2.4.2. Target Searching Radius
In the updated pipeline shown in
Figure 5, there is more emphasis on establishing the initial location of the target and searching closely around that area. We use a much tighter radius for searching, 20 pixels instead of 200. Although there can be cases of missing detections with such a tight search radius, if we use this in conjunction with extrapolation, we can overcome the issue of missing detections. It should be noted that the input frames for this workflow are the Approach 3a contrast-enhanced frames discussed in the
Appendix A.
2.4.3. Rules to Eliminate False Positives
Some simple rules are applied to eliminate some false positives. For example, one rule eliminates certain connected components that do not meet size criteria. If the size of the component is bigger than 10 pixels (for instance), then the component is discarded.

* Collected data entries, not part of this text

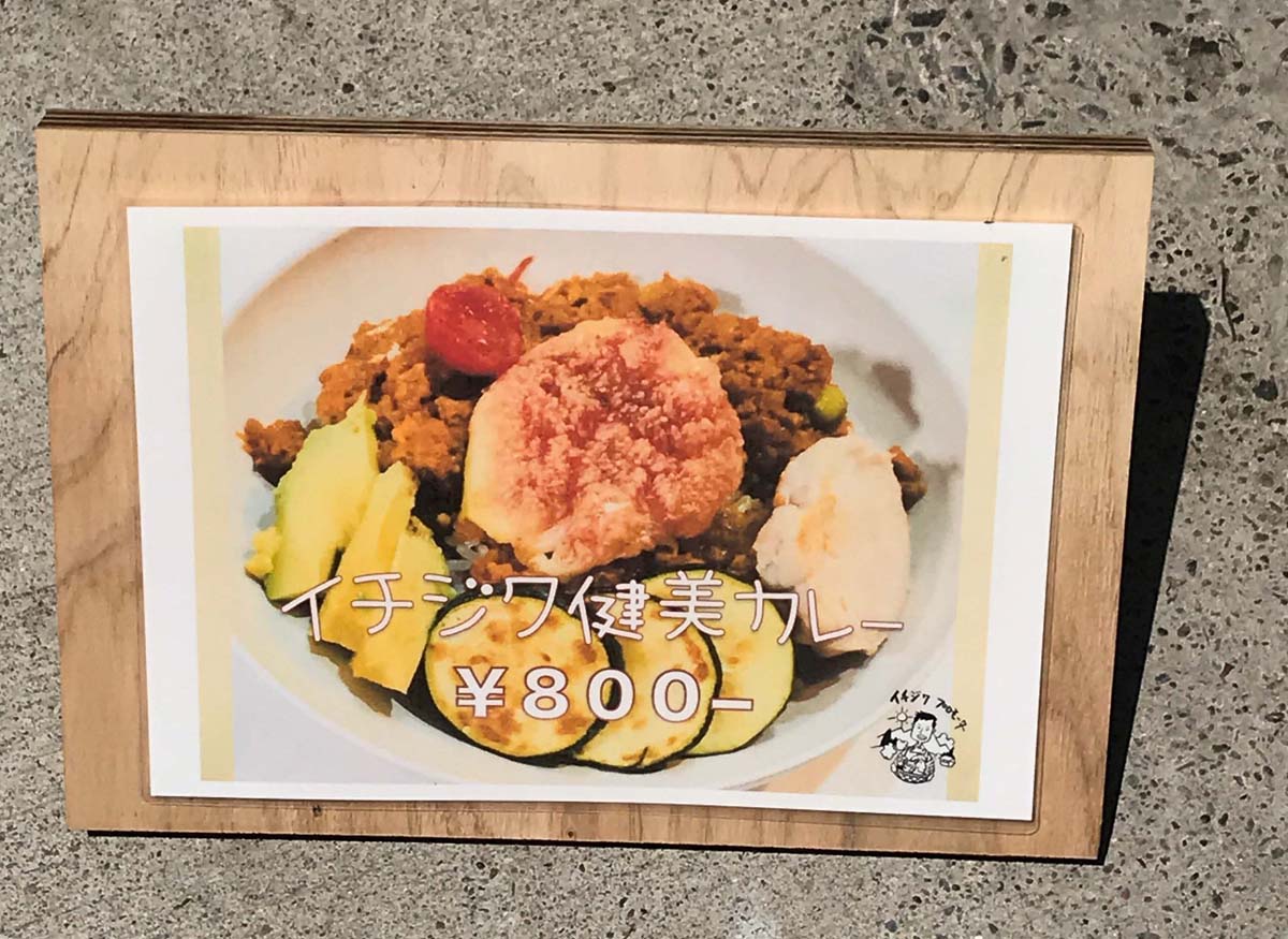 注文をする雰囲気でもないので、キッチンカーの周辺を偵察。看板には「イチジク健美カレー 800円」とあります。カレーときましたか。なるほど。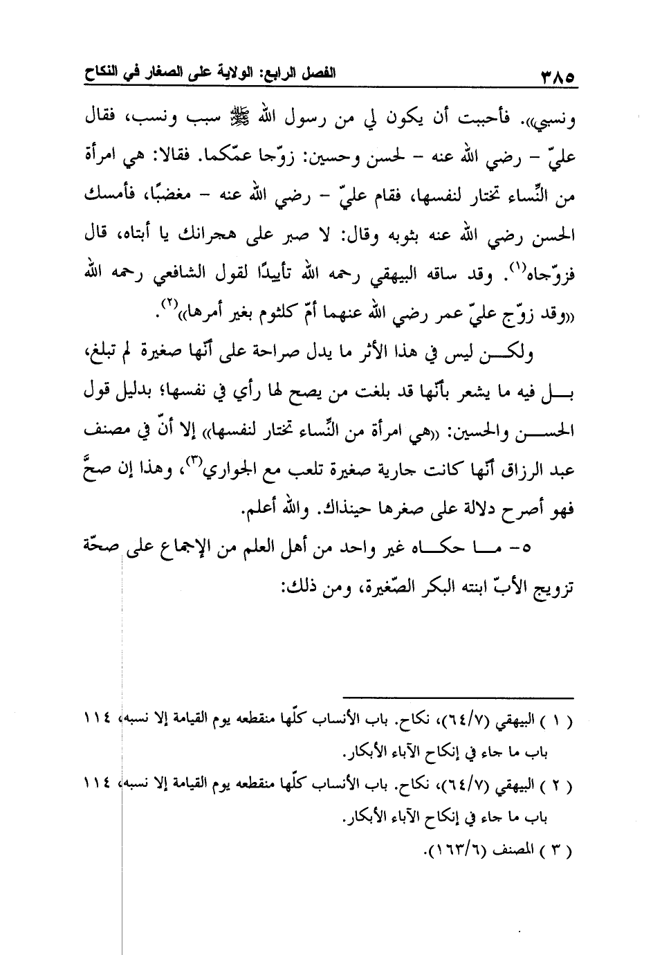 ولكن ليس في هذا الأثر ما يدل صراحة على أنّها صغيرة لم تبلغ، بل فيه ما يشعر بأنّها قد بلغت من يصح لها رأي في نفسها؛ بدليل قول الحسن والحسين: "هي امرأة من النِّساء تختار لنفسها" إلا أنّ في مصنف عبد الرزاق أنّها كانت جارية صغيرة تلعب مع الجواري3، وهذا إن صحَّ فهو أصرح دلالة على صغرها حينذاك. والله أعلم.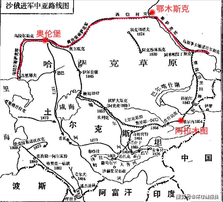 沙俄采用步步推进的方式缓慢地吞噬着哈萨克草原,1715年在额尔齐斯河中游左岸建立亚梅什堡,1716年在鄂木河注入额尔齐斯河处建立鄂木斯克城堡,1718年建立了塞米巴拉金斯克,1720年在靠近中国边界的斋桑泊西北建立了乌斯季卡缅诺哥尔斯克(清朝称为铿格尔图喇),1738年在哈萨克草原西北建立了奥伦堡。
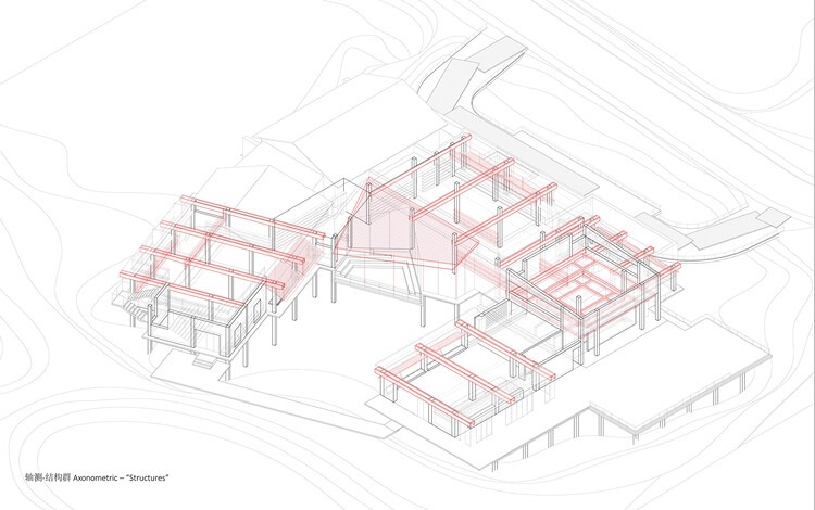 모든 둘러싼 벽을 걷어낸 자리에는 무질서하고 의미를 잃은 콘크리트 프레임 구조들만이 남았다. 여기에 일련의 새로운 구조체들이 개입하면서 원래의 혼란스런 구조에 새로운 질서를 부여하고, 자연과 깊이 연결된 공간의 장들로 변모시켰다.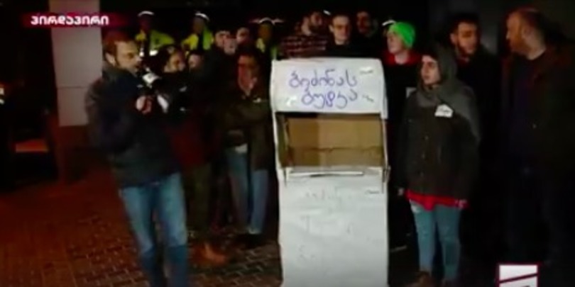 აქტივისტებმა ივანიშვილს ბიზნესცენტრთან "ბუტკა" მიუტანეს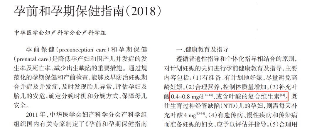 《孕前和孕期保健指南(2018)》中明确计划妊娠女性应该补充叶酸0.4~0.8mg/d,或含叶酸的复合维生素。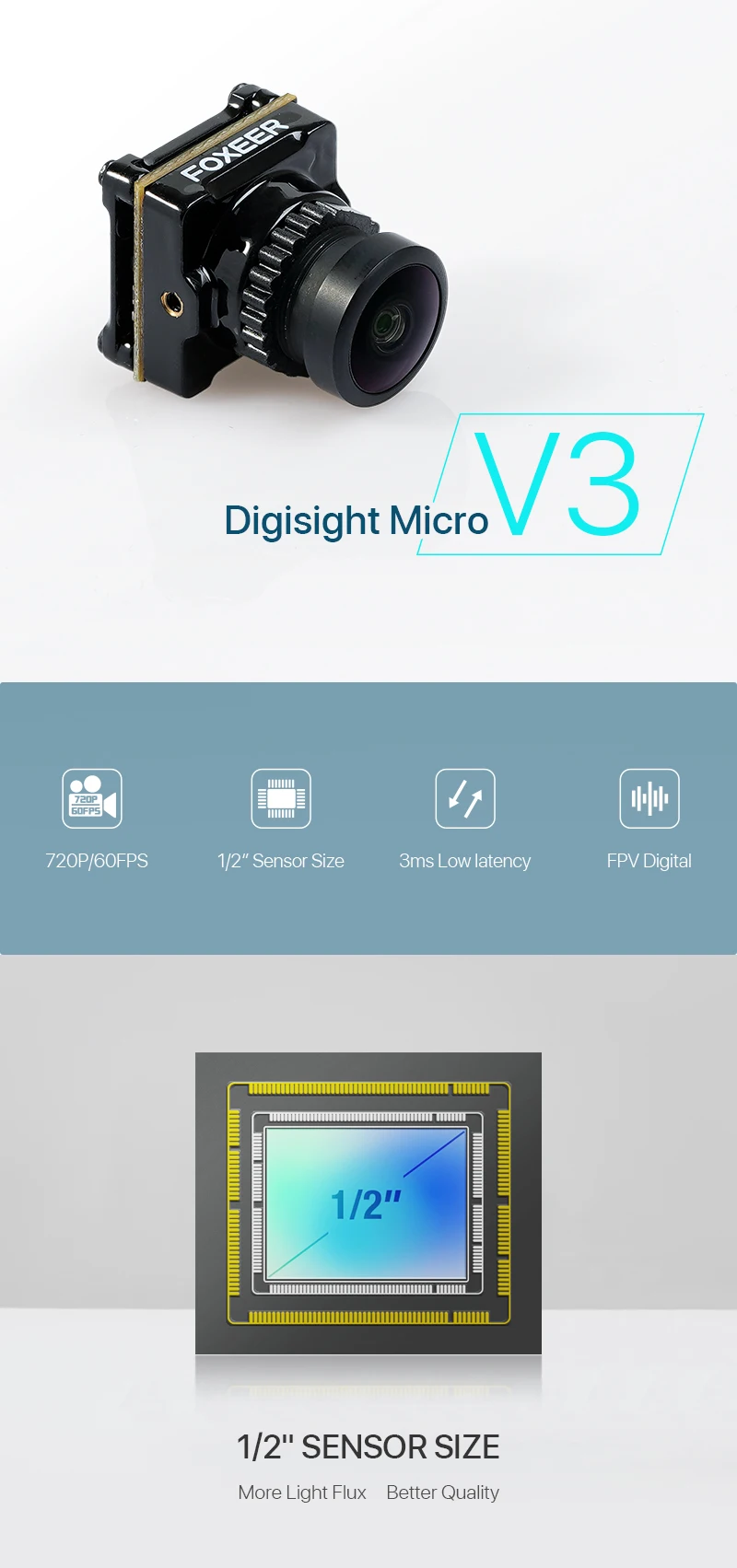 Foxeer Digisight V3 Micro FPV камера 720P 60fps 3ms 1000TVL аналого...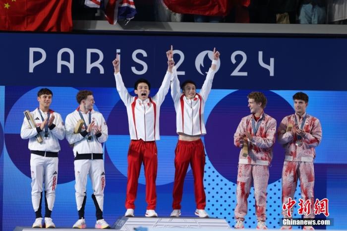 當(dāng)?shù)貢r(shí)間7月29日,在巴黎奧運(yùn)會(huì)跳水男子雙人十米臺(tái)決賽中,中國(guó)選手練俊杰/楊昊奪得金牌。圖為頒獎(jiǎng)儀式。中新社記者 富田 攝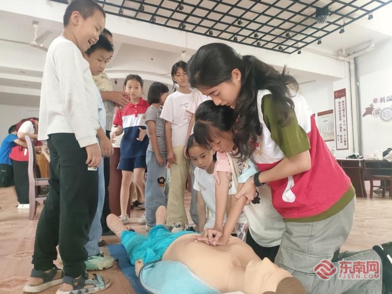 志愿者老师引导孩子体验操作心肺复苏(李林村新时代文明实践站供图)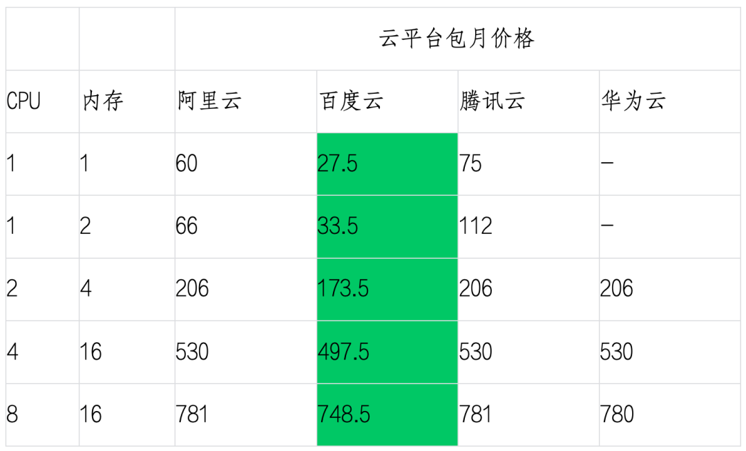 再来看双机高可用独享规格,50GB存储空间的价格,主流规格百度云、华为云的定价是最低的,性价比可以说是很高了。

Figure 6 illustrates the impact of using rules. It can be observed that there are more false positives in the image without using rules.
4. Conclusions and Future Research
We propose an unsupervised, modular, flexible, and computationally efficient target detection approach for long-range and low-quality infrared videos containing moving objects. Extensive experiments using MWIR infrared videos collected from 3500 to 5000 m were used in our evaluations. Two well-known optical flow methods (TV-L1 and Brox) were used to detect moving objects. Compared with TV-L1, Brox appears to have a slight edge in terms of accuracy, but requires more computational time. Two object association methods were also examined and compared. The rule-based approach outperforms another method known as SORT. We also observed that the manipulation of the intensity/contrast of the input frames is especially essential for optical flow methods, as they are much more sensitive to background intensity differences across frames. Using a second order histogram matching method for contrast enhancement was shown to be effective at resolving contrast issues in the DSIAC dataset.
In the future, we will investigate faster implementation of optical flow methods using C or field programmable gate array (FPGA).